The ecn on tests also showed a known issue with coping with slow start on short RTTs.
Comment 3 Dave Taht 2024-02-24 17:09:32 UTC
One of the issues with the freebsd implementation appears to be too much logging:

https://forum.opnsense.org/index.php?topic=39046.0
Comment 4 Dave Taht 2024-02-24 23:24:22 UTC
Assuming I am looking at a correct source tree:

http://fxr.watson.org/fxr/source/netpfil/ipfw/dn_sched_fq_codel.c#L330

Logging an overflow event twice, and to the console, while under stress, is not a good idea.

  if (mainq->ni.length > schk->cfg.limit) { D("over limit");
  331                 /* find first active flow */
  332                 for (maxidx = 0; maxidx < schk->cfg.flows_cnt; maxidx++)
  333                         if (si->flows[maxidx].active)
  334                                 break;
  335                 if (maxidx < schk->cfg.flows_cnt) {
  336                         /* find the largest sub- queue */
  337                         for (i = maxidx + 1; i < schk->cfg.flows_cnt; i++) 
  338                                 if (si->flows[i].active && si->flows[i].stats.length >
  339                                         si->flows[maxidx].stats.length)
  340                                         maxidx = i;
  341                         codel_drop_head(&si->flows[maxidx], si);
  342                         D("maxidx = %d",maxidx);
  343                         drop = 1;
  344                 }
  345         }

I would delete both Ds here. Even then there are two things we ended up doing in the linux version - 1) We added the drop_batch facility (and optimized it) to drop up to 64 packets at a time from the head (all but the last - it helps to always deliver at least the last packet in the queue).  

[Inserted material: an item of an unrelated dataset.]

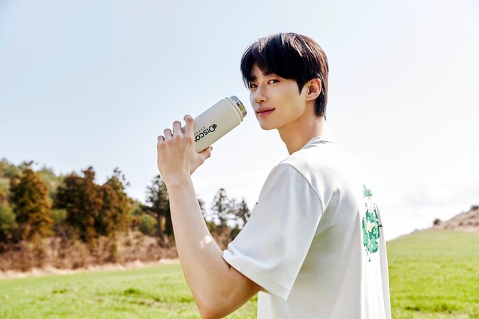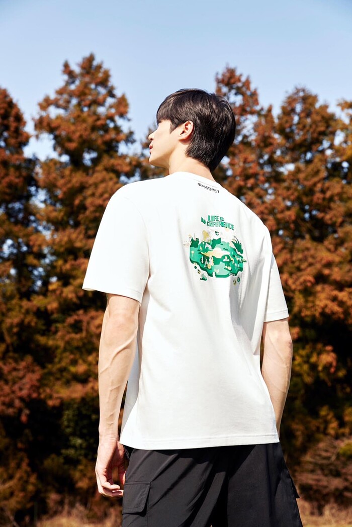 ▲디스커버리 익스페디션 앰베서더 배우 변우석의 ‘제주 리사이클 에디션’ 티셔츠 착용 모습(사진제공: F&F) |

It was *very* expensive under a packet flood to hit this limit, search the flow list, then drop a single packet.

2) Also merely dropping the packet without also telling the AQM to drop harder on its own led to persistent hitting of this spot. So we also incremented the codel count variable on this drop in the expectation the AQM would eventually catch up.

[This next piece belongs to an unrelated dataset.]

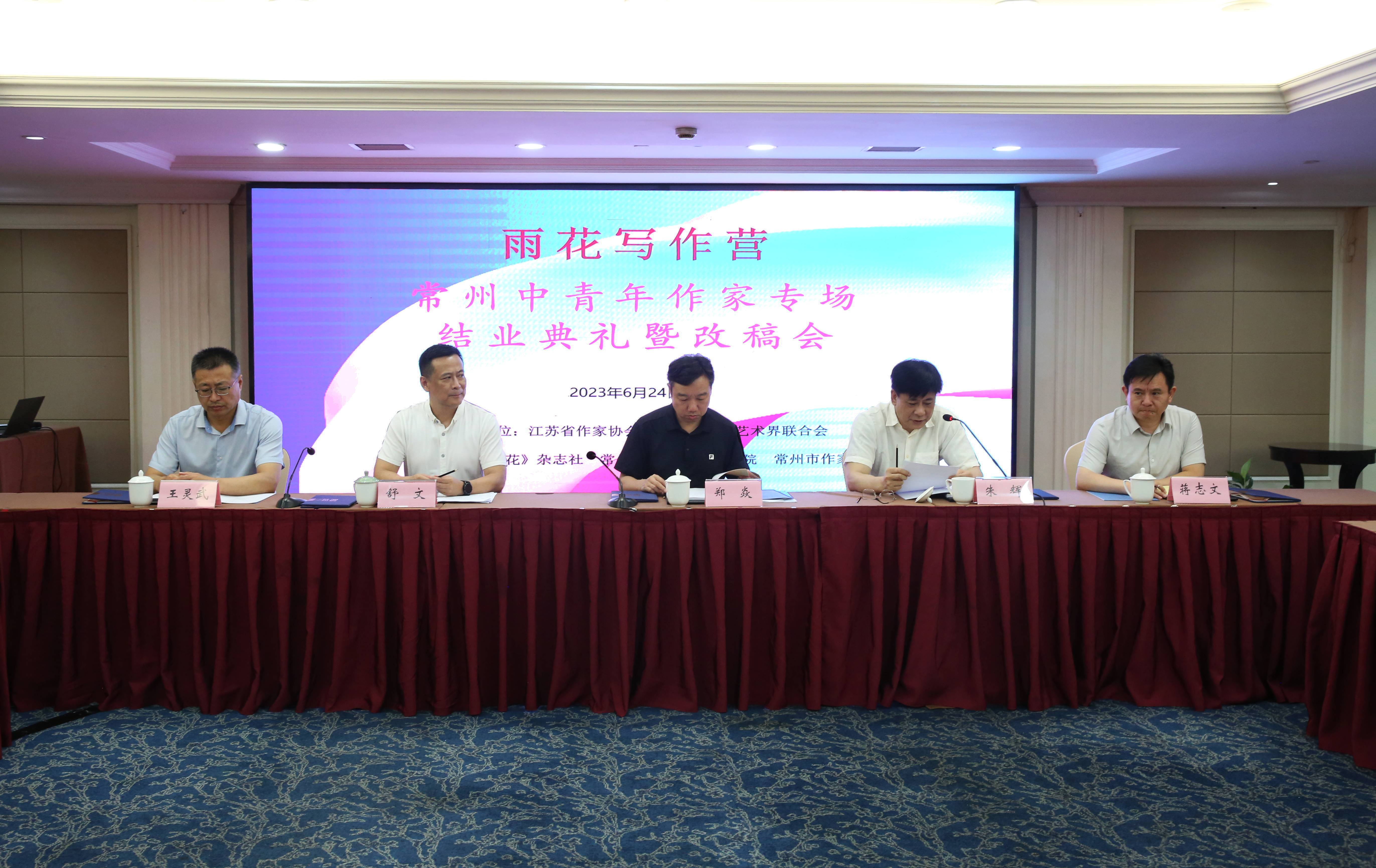 6月24日,雨花写作营——常州中青年作家专场结业典礼暨改稿会在常州举行。江苏省作协党组书记、书记处第一书记、常务副主席郑焱,常州市文联党组书记、主席舒文,常州市文联党组成员、副主席蒋志文,中共常州市委宣传部四级调研员、干部处处长王灵武出席结业典礼并为学员颁发结业证书。《雨花》主编朱辉、副主编育邦、《山西文学》主编鲁顺民、《安徽文学》主编李国彬、《福建文学》主编石华鹏、《收获》副主编谢锦等对学员提交的作品进行了细致点评。结业典礼和改稿会分别由朱辉和育邦主持。

3) It is possible to keep extra state around to always track the fattest queue (see fq_codel_fast) and eliminate this non-O(1) search, at the cost of tracking the fattest queue elsewhere. The expectation is that in normal use, this routine is rarely hit.
Comment 5 Dave Taht 2024-02-25 01:18:05 UTC
I am a little dubious about the "active" idea.

http://fxr.watson.org/fxr/source/netpfil/ipfw/dn_sched_fq_codel.c#L413

Also.

 if (!si->flows[idx].active ) {
  319                 STAILQ_INSERT_TAIL(&si->newflows, &si->flows[idx], flowchain);
  320                 si->flows[idx].deficit = param->quantum;
  321                 si->flows[idx].cst.dropping = false;
  322                 si->flows[idx].cst.first_above_time = 0;
  323                 si->flows[idx].active = 1;
  324                 //D("activate %d",idx);
  325         }

In the linux version we do not touch the codel state variables at this phase at all, but retain the previous settings. It may be that dropping and first_above_time get set in roughly the same way in my version, but perhaps if I describe the intent of what should happen, I too will understand this code better. 

The idea of a flow going out of an "active" state is not that any of it´s state needs to be reset. The overall target of fq_codel is to reduce the total delay in all the queues to the target (usually 5ms). It maintains a cache of the last
"good" drop rate. 

If a single flow, out of dozens, has an arrival rate like this:

A                      A                    A                 A

And that is still too much relative to the other flows, it needs to get more drops. 

Anyway, instead of checking for or maintaining an active or inactive "state" we just check to see if queue length > 0.

Just saving my state here on this subtley. Also we use the global queue length not the per queue length to turn off the global dropper, which I have to go looking through here to see if it is correct.